In der schwülen Nacht, als das Feuer die Anna Amalia Bibliothek in Weimar ergriff, wurde nicht nur ein Gebäude, sondern ein Stück kulturelles Erbe bedroht. Die Bibliothek, bekannt für ihren historischen Bestand und ihre literarische Bedeutung, geriet in Flammen und stellte die Frage in den Raum, ob die Rettung dieser Bücher möglich war und welchen Wert sie für die Gesellschaft haben. Der Umzugsunternehmer Majdi Abdulhag stand vor dieser Herausforderung. Für ihn, der sich selbst nicht als Bücherwurm bezeichnet, war es jedoch klar: „Die Bücher sind das Gedächtnis der Nation.“
Was genau bedeutet das? Bücher sind mehr als nur Papier und Tinte. Sie sind Zeitzeugen, die Geschichten erzählen und Wissen bewahren. Abdulhag beschreibt die Bedeutung von Literatur während des Nationalsozialismus, als einige Werke entstanden, die eher zur Propaganda dienten. Durch das Verständnis dieser Texte können wir die Vergangenheit reflektieren. „Wir können anhand der Literatur verstehen: Was wurde damals den Menschen propagiert, damit sie so denken?“ fragt er rhetorisch, und zeigt dabei die Verantwortung auf, mit diesem Wissen umzugehen.
Ein unerwarteter Beitrag zur Rettung
Für Abdulhag war die Rettung der Bücher nicht einfach eine Pflicht, sondern ein persönliches Anliegen. „Das, was ich gemacht habe, ist nicht mehr, als jeder andere Helfer“, erklärt er bescheiden. Diese Demut ist ein zentraler Aspekt seiner Persönlichkeit. Während viele der Helfer Akademiker oder gebildete Menschen waren, ging Abdulhag direkt zu seinem Fahrschullehrer und bat ihn um seinen Lkw. Statt komplizierte Angebote zu schreiben, war er pragmatisch und handelte schnell, was in solch einer Notsituation entscheidend war.
Die Situation erforderte während der Rettungsaktionen eine bemerkenswerte Koordination und die Fähigkeit, im Chaos klar zu denken. Dr. Post, der Direktor des Thüringer Hauptstaatsarchivs, spielte eine Schlüsselrolle während dieser Nacht. Die Fähigkeit von Dr.

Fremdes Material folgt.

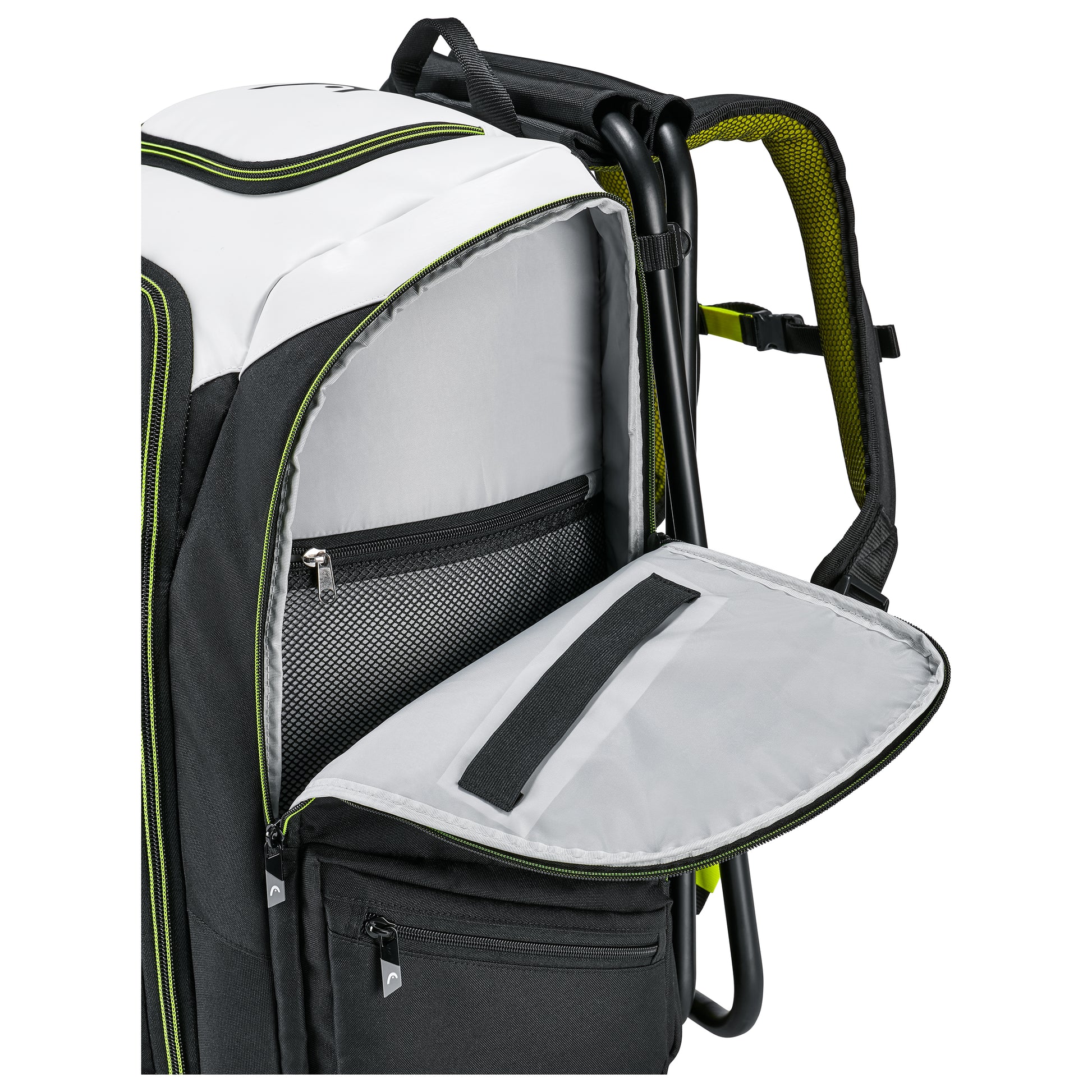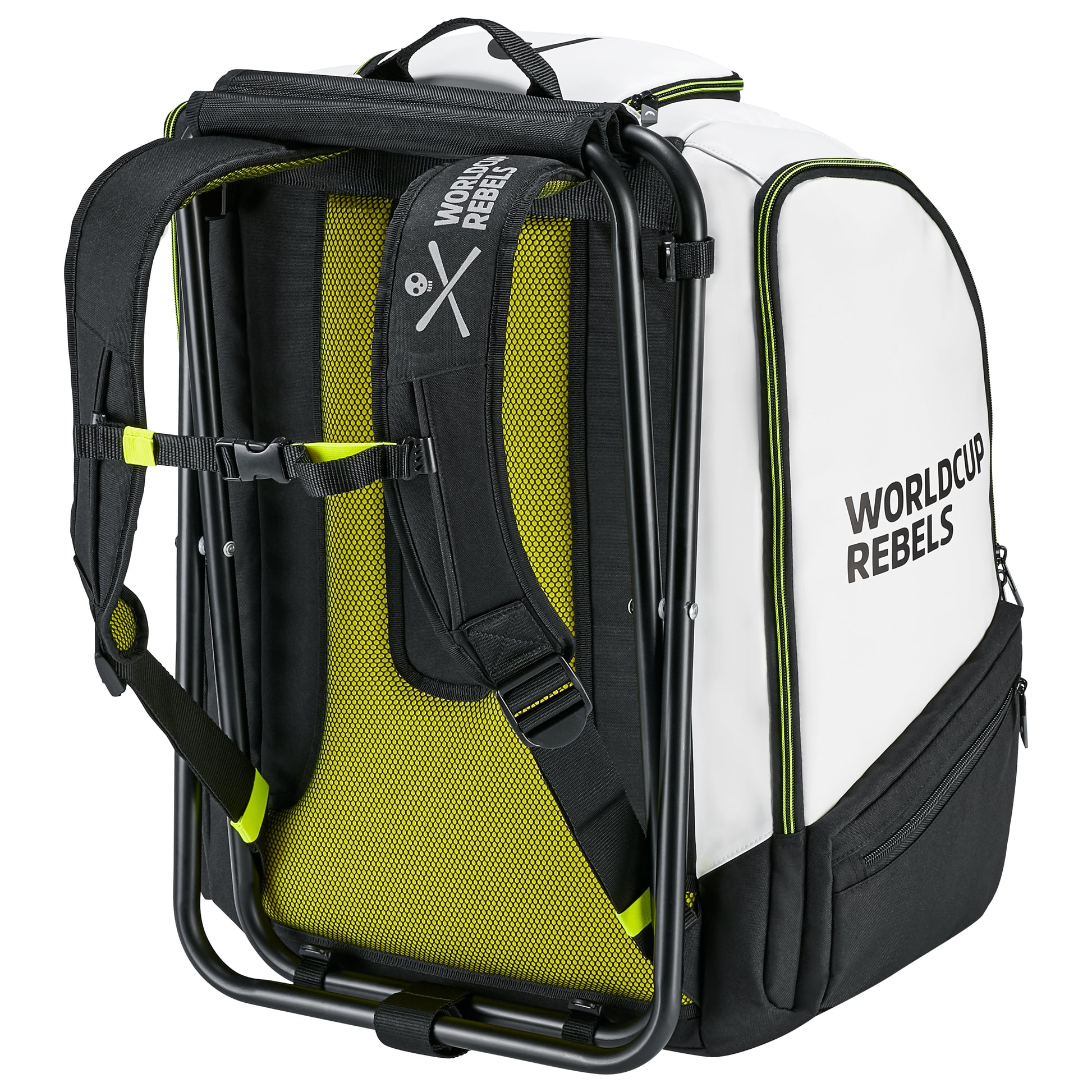 Race coaches need to be prepared at all times, so HEAD designers created the Rebels Coaches Backpack to suit their needs. Not only does the backpack provide ample room inside but small, internal pockets make space for valuables and accessories. Three strategically-placed exterior pockets, designed to anticipate every need on the hill, hold drill bits and screwdrivers. Durable outer material protects the Backpack from the elements, while sturdy straps and reliable zippers stand up to everyday use. The Coaches Backpack bonus? A foldable chair for long days on the course.

Post, Ruhe zu bewahren und zu wissen, dass er mit einem Anruf mehr bewirken konnte, als mit einem Eimer Wasser, zeigte sich schnell als entscheidend. „Er hat den klaren Kopf gehabt“, lobt Abdulhag und hebt damit die Bedeutung von Führungsstärke in Krisensituationen hervor.
Ein Team von Unbekannten
Die Rettungsaktionen waren nicht das Werk eines Einzelnen, sondern das Ergebnis einer engagierten Gemeinschaft, die zusammenarbeitete, um das Unmögliche zu erreichen. „Ohne Direktor Knoche und die Bibliothekare, die wussten, welches Buch wichtig ist, hätten wir nichts geschafft“, reflektiert Abdulhag. Es war die gemeinsame Anstrengung – die technische Versiertheit jedes Einzelnen, die es ermöglichte, im Angesicht der Gefahr schnell und effektiv zu reagieren.
Inmitten des Chaos, während die Feuerwehr mit kleinen Spritzdosen kämpfte und Rauchwolken aufstiegen, motivierte das kollektive Streben, verloren gegangene Wörter und Geschichten zu retten, die Helfer dazu, den Ausweg aus der Notlage zu finden. Abdulhag, der das Geschehen nicht nur als Helfer, sondern auch als Teil eines größeren Ganzen sah, betont die Wichtigkeit der Gemeinschaft, die in dieser kritischen Zeit entstand.
Das Interview, geführt von Tino Dallmann und Romina Nikolić für MDR KULTUR, zeigt, dass in Momenten der Krise unvorhergesehene Helden entstehen können. Menschen, die zusammenkommen, um ein gemeinsames Ziel zu verfolgen: das Bewahren des Wissens und der Kultur für zukünftige Generationen. die Rettungsaktion an der Anna Amalia Bibliothek bleibt ein Symbol für den unermüdlichen Einsatz vieler, die in der Dunkelheit des Feuers ein Licht zu entzünden versuchten.